**** Dataset

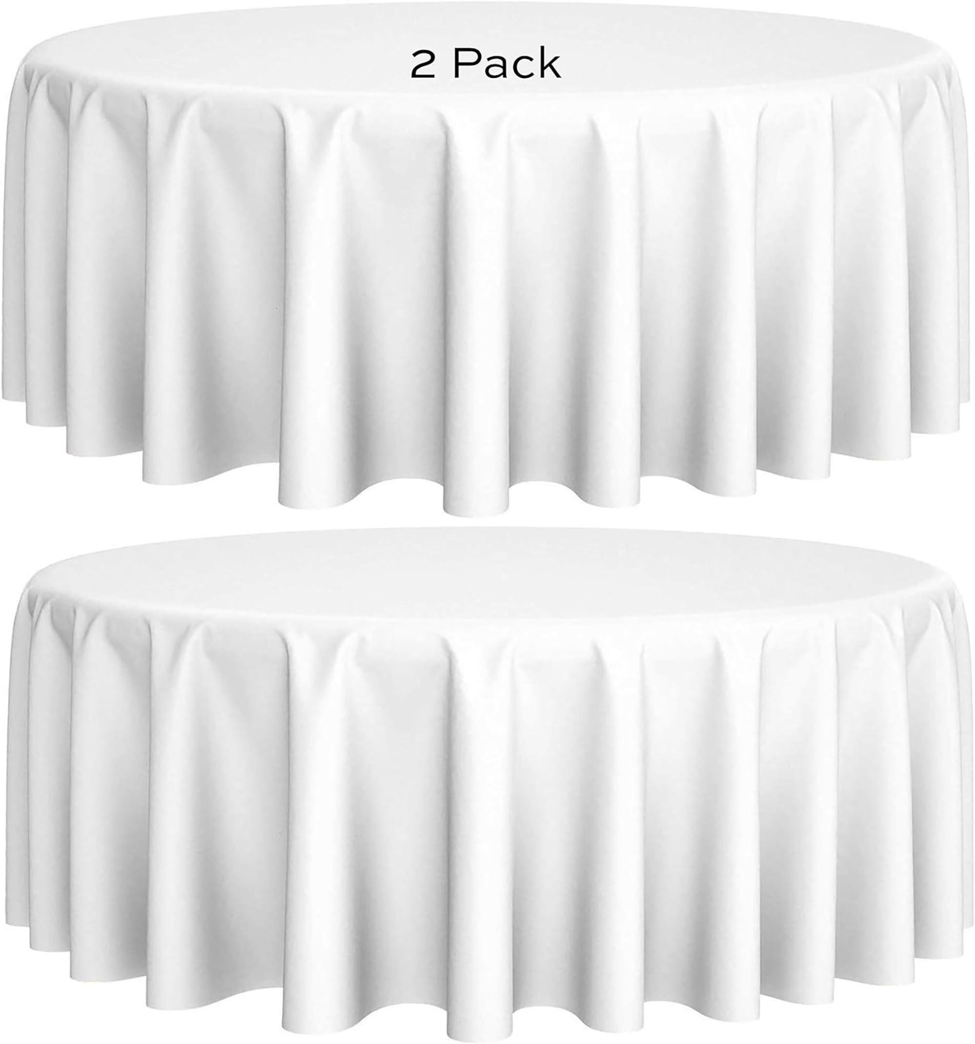 2 Pack 120 inch Round Premium Tablecloths for Wedding Banquet Restaurant 200 GSM Washable Fabric Table Cloth White
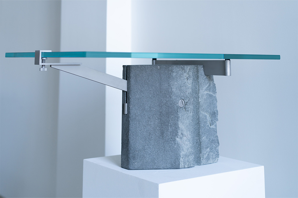 Jean-Michel Wilmotte et la galerie Dutko exposent Rockstone jusqu’au 31 mai. Une collection dans laquelle le verre et l’acier soulignent l’imperfection des pierres destinées au rebut.
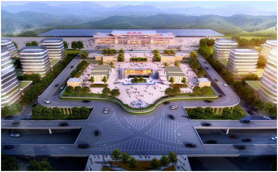 鎮(zhèn)雄縣以勒高鐵站站前廣場效果圖
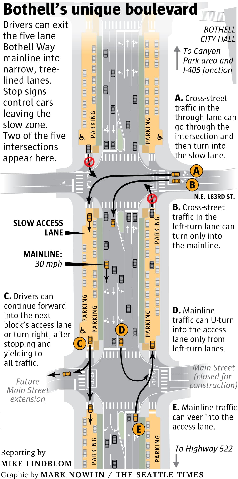 By creating an entirely new concept, Bothell is also asking motorists to learn many rules that won’t necessarily come naturally. At low speeds, these awkward turning movements could allow for mistakes, but add speed and collisions will surely occur. Watch the video below (from the City of Bothell’s project website) to see all the conflict points a multiway boulevard creates.
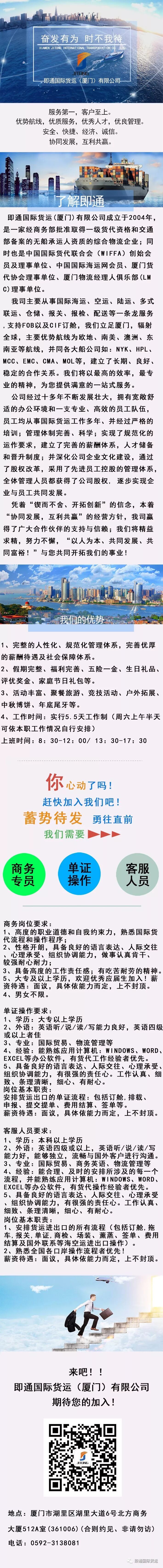即通国际货运(厦门)有限公司欢迎您的加入!
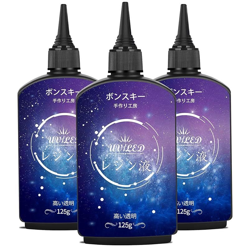 【商品概要】 高い透明度と薄いにおい:(意匠登録1776576号、年間最もクリエイティブで人気のあるデザイン。)成形レジン液の透明度がとてもいいです!Bonsky(ボンスキー)レジン液は黄色くなりにくいです。透明パルプを合わせると、色がとても鮮やかです!良質で無害な材料で作られています。臭気が少なく、安全で環境にやさしいことに驚くでしょう。そして時間が経つにつれて簡単に黄色くなることはありません。 UV-LEDサポートと速い固形:UVレジン液は紫外線ランプやLEDランプと組み合わせて使用できます。高温の影響を受けやすく、硬化に要する時間が非常に短いです。太陽光でも簡単に液体を硬化させることができます。粘着感が少ないので、次の工程に素早く移行できます。経験者も初心者も使いやすいです。 粘度が適当で使いやすい:UVレジン液の粘度が適当で、型に入れやすいです。お客様が好きな色とアクセサリーを自由に組み合わせることもできます。それらはうまく溶け込むことができます。使いやすいです!ボンスキーレジン液は泡立ちにくいです。完璧な小さな尖った口のデザインは手作りDIY愛好家とレジン工芸の初心者に便利です。 幅広い用途とDIY:アートジュエリーDIY工芸品の制作、金型鋳造、レジンコーティング、工芸品装飾、鋳造、コーティングなどに非常に適しています。観賞用の手作り品として使えます。家族、友人、恋人、子供などにプレゼントすることもできます。これが一番いい選択です。 特別な注意:(Bonsky)と(ボンスキー)は同一ブランドです。現在パッケージデザインをリニューアルしておりますが、日本地域では(ボンスキー)ブランドを使用いたします。パッケージ内容:Bonsky(ボンスキー) UVレジン液 125g*3、尖ったボトルキャップ*3、アルミフィルム封止 オープナー*1。ご質問がございましたら、お問い合わせください。
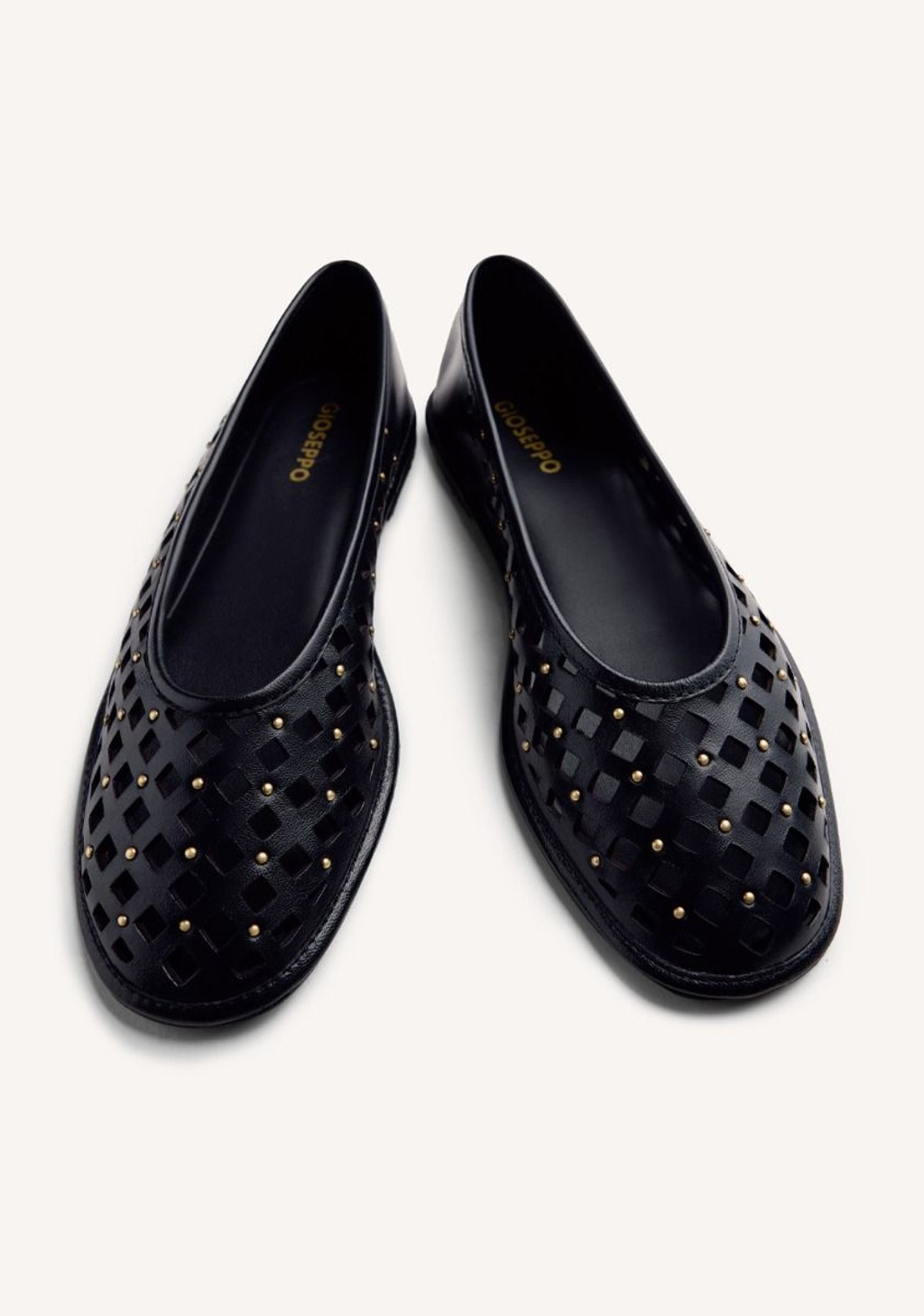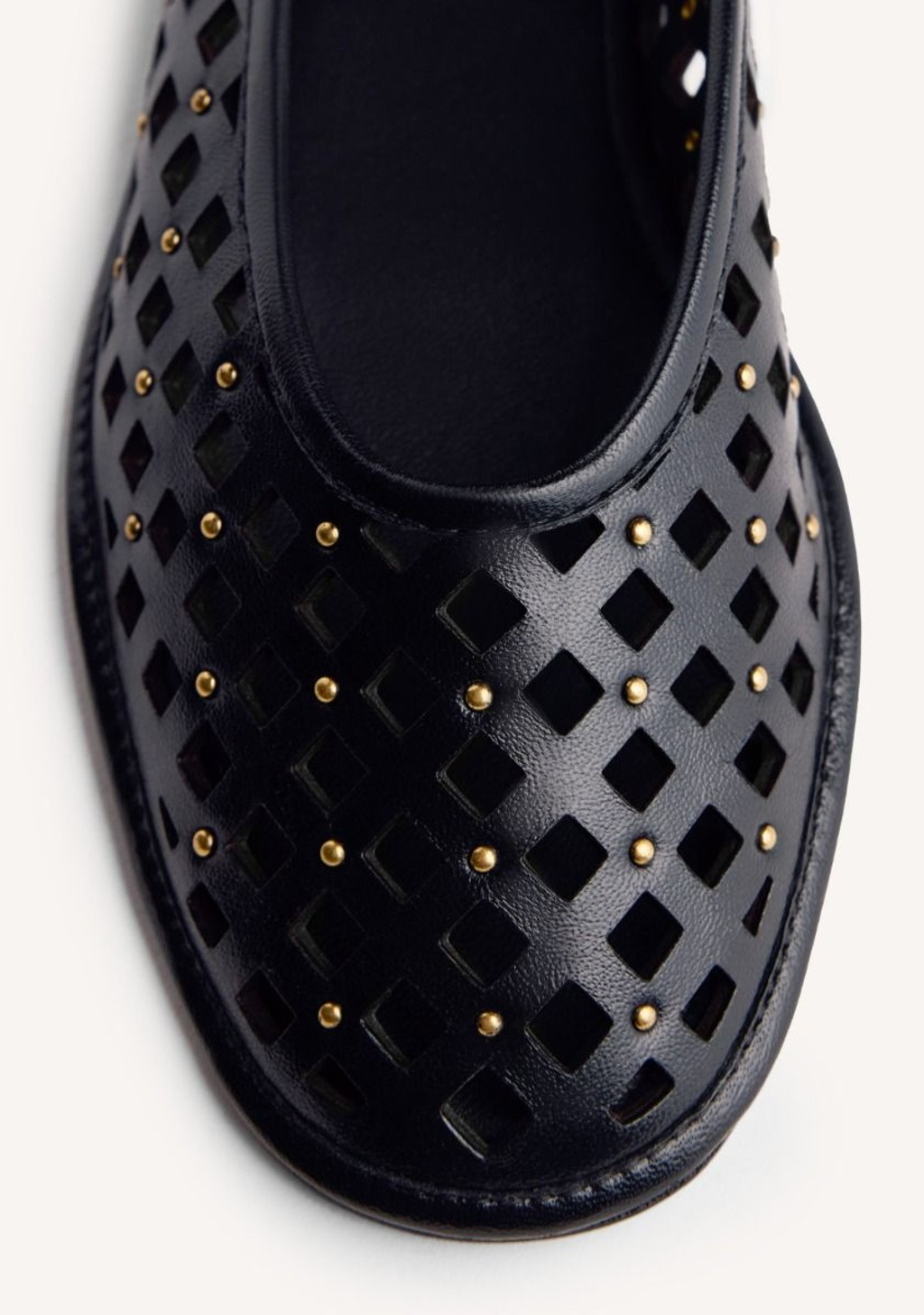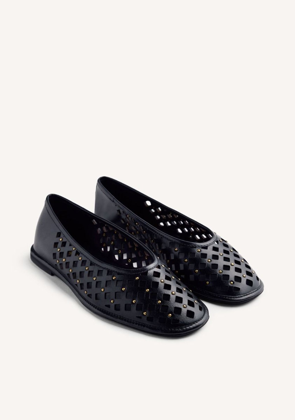 Bailarinas de piel calada con tachuelas doradas. Punta redondeada.
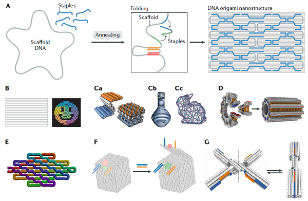 DNA折纸术(DNA origami)是DNA纳米技术的一个重要分支。该方法发明于2006年(Nature 2006),即利用上百条短单链DNA作为“订书钉”,辅助折叠一条长达数千碱基的噬菌体基因组单链DNA,并自组装形成预先设计的结构。近年来,DNA折纸术迎来了快速发展,目前几乎可以定制任意形状的复杂几何结构,包括各种实心或者镂空的3D结构、复杂曲面结构、可以动态变构的纳米装置与纳米机器人等等。多种界面友好的DNA折纸设计软件也先后出现,大大降低了DNA折纸术的门槛,使初学者也可以方便地设计定制的折纸结构,从而推动了整个领域的繁荣发展。
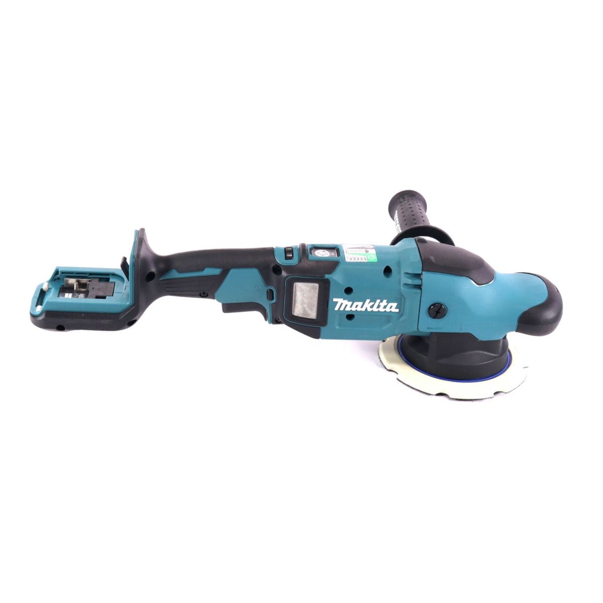 Der DPO 600 von Makita ist ein 18 Volt betriebener, handlicher Exzenterpolierer für den professionellen Einsatz. Der 430 Watt Motor mit Konstantelektronik besitzt zwei Arbeitsmodi; einen mit Exzenterbewegung zum rillenfreien Feinschliff und einen mit Exzenter/Rotationsbewegung zum Grobschliff oder Polierarbeiten. Somit ist er perfekt zur Auto Politur geeignet. Dank der Vibrationsdämpfung weißt er eine hohe Laufruhe auf und lässt somit auch längere Arbeiten ohne körperliche Beschwerden zu. Zusätzlich gibt es die Möglichkeit den Zugschalter für den Dauerbetrieb zu arretieren, wodurch Sie die Maschine entspannter und präziser führen können, was wiederum zu einem besseren Arbeitsergebnis führt. Der optionale Seitenhandgriff erlaubt ergonomisches Arbeiten in beiden Funktionen. Desweiteren schützen die Gummierte Einlagen an den exponierten Gehäuseteilen das Werkstück vor Beschädigungen. Das sehr flache Design gewährleistet eine optimale Handlichkeit und lässt somit auch eine gute Führung an nicht sehr zugänglichen stellen zu. Mit dem 150 mm Klett Schleifteller haben Sie außerdem zugriff auf einen breit gefächerten Zubehörkatalog, um den perfekten Aufsatz für Ihren speziellen Einsatzbereich zu finden. Desweiteren ist der DPO 600 mit der XPT Technologie ( eXtreme Protection Technology ) ausgestattet; was bedeutet, dass der Exzenterpolierer gegen Staub und Spritzwasser geschützt ist und somit auch in feuchteren und staubigeren Umgebungen zum Einsatz kommen kann. Makita ist ein führender Hersteller von Elektrowerkzeugen, eine lange Tradition und höchste Qualitätsansprüche zeichnen das Unternehmen aus.

********

Instructions for the task » Nothing but an exact copy belongs in the answer: the lines from the top of the records through the line containing "即通国际货运(厦门)有限公司欢迎您的加入!", minus the pictures.

Exercise response »
 2 Pack 120 inch Round Premium Tablecloths for Wedding Banquet Restaurant 200 GSM Washable Fabric Table Cloth White
 Jean-Michel Wilmotte et la galerie Dutko exposent Rockstone jusqu’au 31 mai. Une collection dans laquelle le verre et l’acier soulignent l’imperfection des pierres destinées au rebut.
 鎮(zhèn)雄縣以勒高鐵站站前廣場效果圖
 By creating an entirely new concept, Bothell is also asking motorists to learn many rules that won’t necessarily come naturally. At low speeds, these awkward turning movements could allow for mistakes, but add speed and collisions will surely occur. Watch the video below (from the City of Bothell’s project website) to see all the conflict points a multiway boulevard creates.
即通国际货运(厦门)有限公司欢迎您的加入!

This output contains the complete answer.